▶ **Recorded data**:
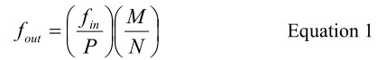 典型的整數(shù)PLL包括預分頻器(P),反饋分頻器(M)和后分頻器(N),如圖所示在圖1中.輸出頻率由定義等式1.
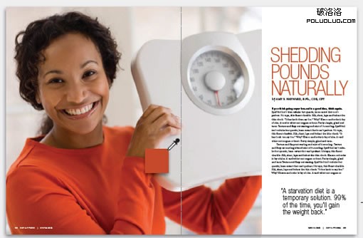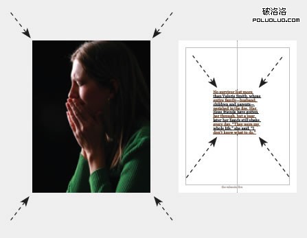 這張圖片拍攝得非常不錯,光線照在她的臉上,而其余部分則與黑色背景結合,非常准確地傳達出孤獨、悲傷及失落的情感。圖片的兩種顏色間斷地用在引言文字的每一行中,這個引言文字沒有傳達出聲調的不同,但卻增加了情感上的共鳴。上圖中,引言放置在一大片灰色文字的中間,引言同樣顯得很“孤單”。引言的放置模仿了這張呈對稱構圖的全出血位圖片。而且象一個靶心,讀者的眼光無法忽略這一段文字。
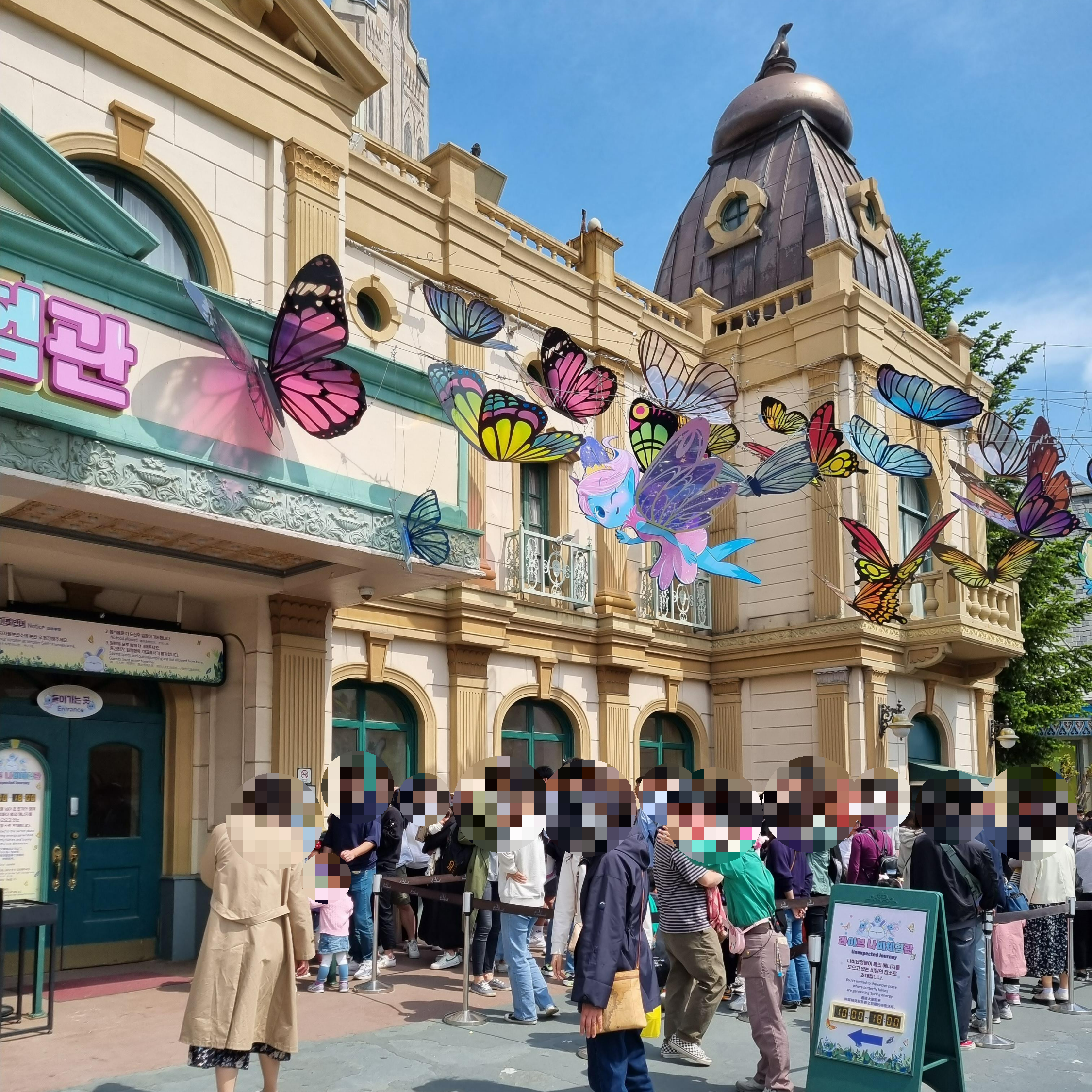 정문 근처에 위치한 나비체험관에도 이미 줄이 깁니다. 사진 왼쪽 입구 건너편에 이어서 다시 줄 서더라고요. 나비체험관은 일정 시간 간격마다 적정인원을 입장시키더라고요.
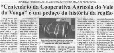 "Centenário da Cooperativa do Vale do Vouga" é um pedaço da história da região : exposição promovida pela LANCE está patente no salão da Cooperativa / Beira Vouga
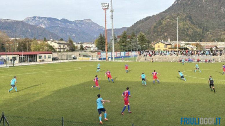 Al 17′ proteste tolmezzine poi per un fallo di mano nell’area ospite, non ravvisato dal direttore di gara, quindi al 21′ si mette in mostra Coradazzi che si trova a tu per tu con il portiere avversario, il tiro che sembrava diretto in gol viene miracolosamente deviato in corner da Spollero; poco dopo è il turno di Micelli, ribattuto dalla difesa e al 42′ ancora Fabris a cercare la porta, con uno Spollero ulteriormente determinante.
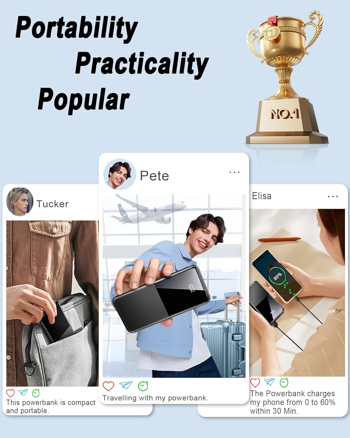 10000 mAh Power Bank & Universal compatible: 10000mAh Ultra-Large Cell Capacity phone power bank will keep your phone running all day. No more worrying about your phone running out of juice during outdoor activities like hiking. Compatible with most tech devices on the market, full capacity support charge iPhone 8 3.8 times, Samsung S23 1.8 times, iPad mini1 1.6 times.
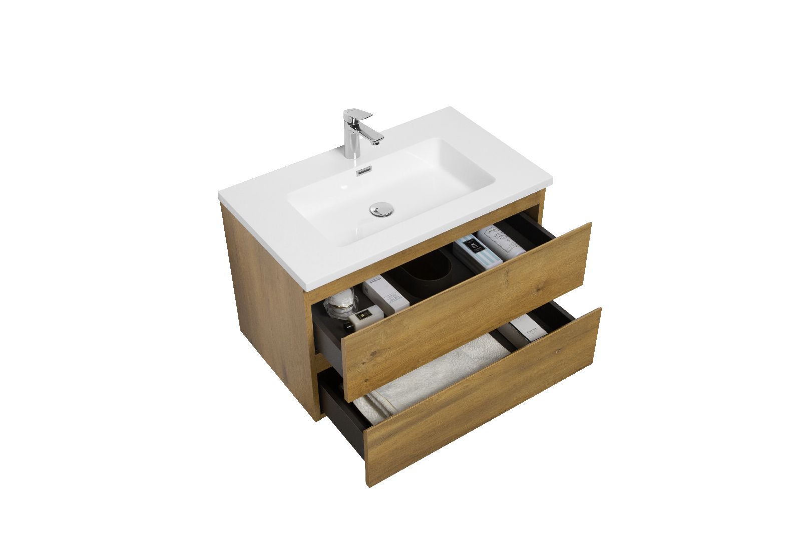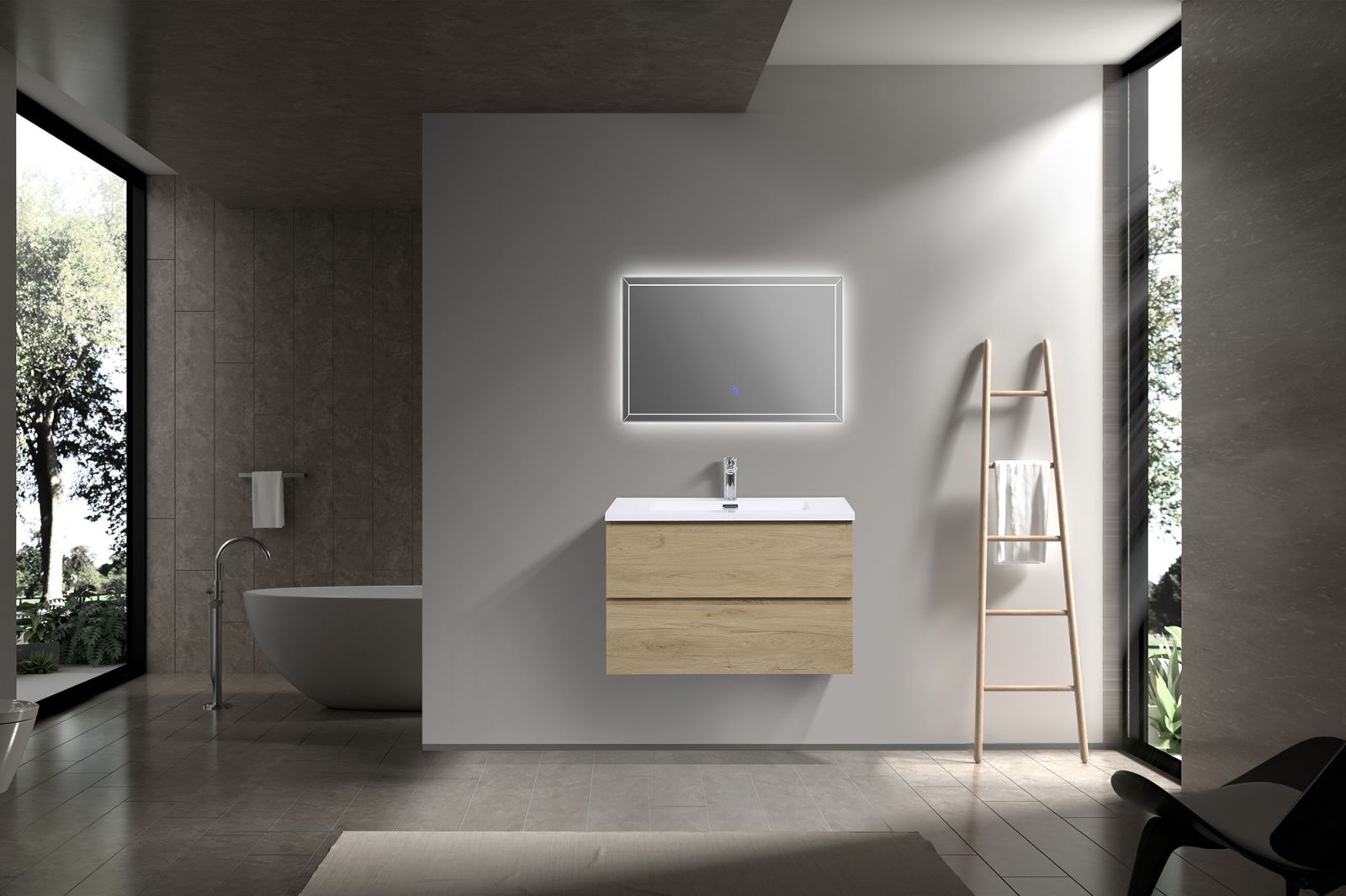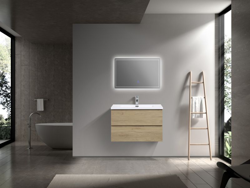 Apportez une touche contemporaine à votre salle de bain avec notre série SERENITY 800. Meuble suspendu aux lignes épurées, il créé une impression de légèreté et d’espace, idéale pour les intérieurs modernes. Habillé d’un revêtement effet bois naturel, il confère à votre salle de bain une atmosphère chaleureuse. Pour un décor immaculé, optez pour la finition blanc.

▶ **Exercise**:
Within the listing above, find the line containing "Cooperativa / Beira Vouga" and the line containing "10000 mAh Power". Transcribe them and everything between them exactly, leaving out the pictures.

▶ **Solved problem**:
 "Centenário da Cooperativa do Vale do Vouga" é um pedaço da história da região : exposição promovida pela LANCE está patente no salão da Cooperativa / Beira Vouga
 Al 17′ proteste tolmezzine poi per un fallo di mano nell’area ospite, non ravvisato dal direttore di gara, quindi al 21′ si mette in mostra Coradazzi che si trova a tu per tu con il portiere avversario, il tiro che sembrava diretto in gol viene miracolosamente deviato in corner da Spollero; poco dopo è il turno di Micelli, ribattuto dalla difesa e al 42′ ancora Fabris a cercare la porta, con uno Spollero ulteriormente determinante.
 10000 mAh Power Bank & Universal compatible: 10000mAh Ultra-Large Cell Capacity phone power bank will keep your phone running all day. No more worrying about your phone running out of juice during outdoor activities like hiking. Compatible with most tech devices on the market, full capacity support charge iPhone 8 3.8 times, Samsung S23 1.8 times, iPad mini1 1.6 times.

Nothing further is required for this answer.